Using the listing below, set down exactly the lines from the one that contains "Как и Азовское, оно" through the one that contains "水處理用輸送鏈和污水處理用輸", with no pictures.

* Data:
==*==

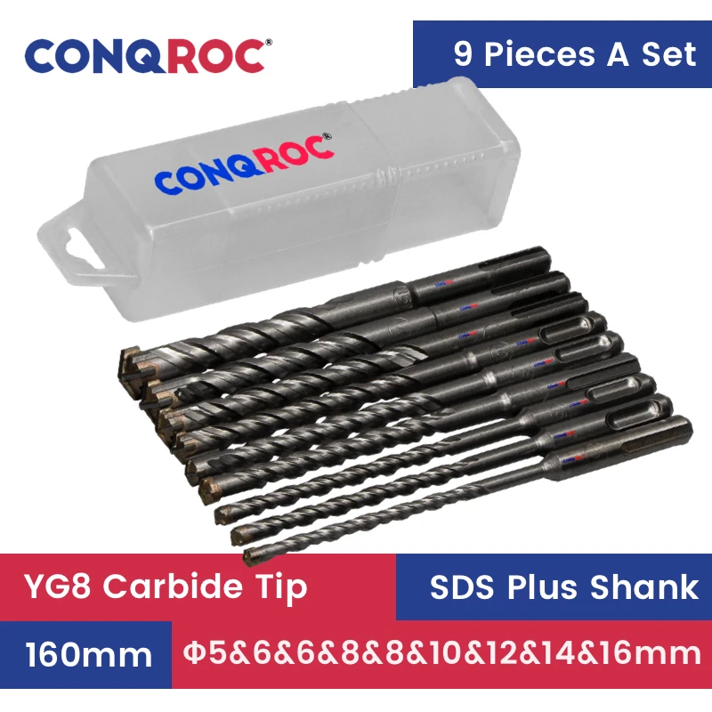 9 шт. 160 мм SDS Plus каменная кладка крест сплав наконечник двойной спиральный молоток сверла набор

==*==

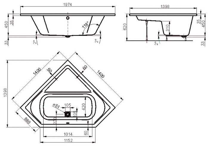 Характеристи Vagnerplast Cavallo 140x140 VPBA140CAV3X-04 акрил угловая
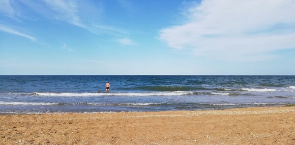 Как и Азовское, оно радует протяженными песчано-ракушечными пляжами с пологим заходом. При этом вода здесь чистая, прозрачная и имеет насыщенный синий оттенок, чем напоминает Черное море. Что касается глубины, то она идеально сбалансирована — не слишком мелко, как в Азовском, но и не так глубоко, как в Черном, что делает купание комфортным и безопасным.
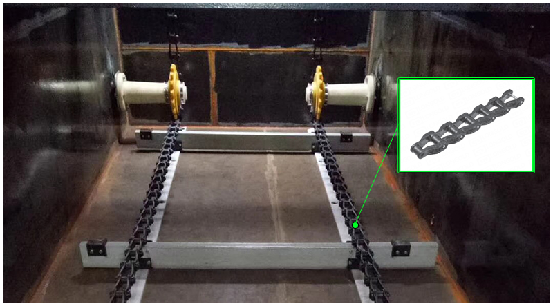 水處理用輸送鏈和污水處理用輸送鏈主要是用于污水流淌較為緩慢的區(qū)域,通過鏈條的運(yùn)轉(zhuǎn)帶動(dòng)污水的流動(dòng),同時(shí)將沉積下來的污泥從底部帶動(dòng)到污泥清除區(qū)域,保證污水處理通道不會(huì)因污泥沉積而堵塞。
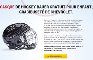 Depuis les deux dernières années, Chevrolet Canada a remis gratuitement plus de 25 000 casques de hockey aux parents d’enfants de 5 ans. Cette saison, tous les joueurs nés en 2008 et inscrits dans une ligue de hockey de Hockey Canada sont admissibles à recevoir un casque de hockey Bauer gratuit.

==*==

* Result for this task:
 Как и Азовское, оно радует протяженными песчано-ракушечными пляжами с пологим заходом. При этом вода здесь чистая, прозрачная и имеет насыщенный синий оттенок, чем напоминает Черное море. Что касается глубины, то она идеально сбалансирована — не слишком мелко, как в Азовском, но и не так глубоко, как в Черном, что делает купание комфортным и безопасным.
 水處理用輸送鏈和污水處理用輸送鏈主要是用于污水流淌較為緩慢的區(qū)域,通過鏈條的運(yùn)轉(zhuǎn)帶動(dòng)污水的流動(dòng),同時(shí)將沉積下來的污泥從底部帶動(dòng)到污泥清除區(qū)域,保證污水處理通道不會(huì)因污泥沉積而堵塞。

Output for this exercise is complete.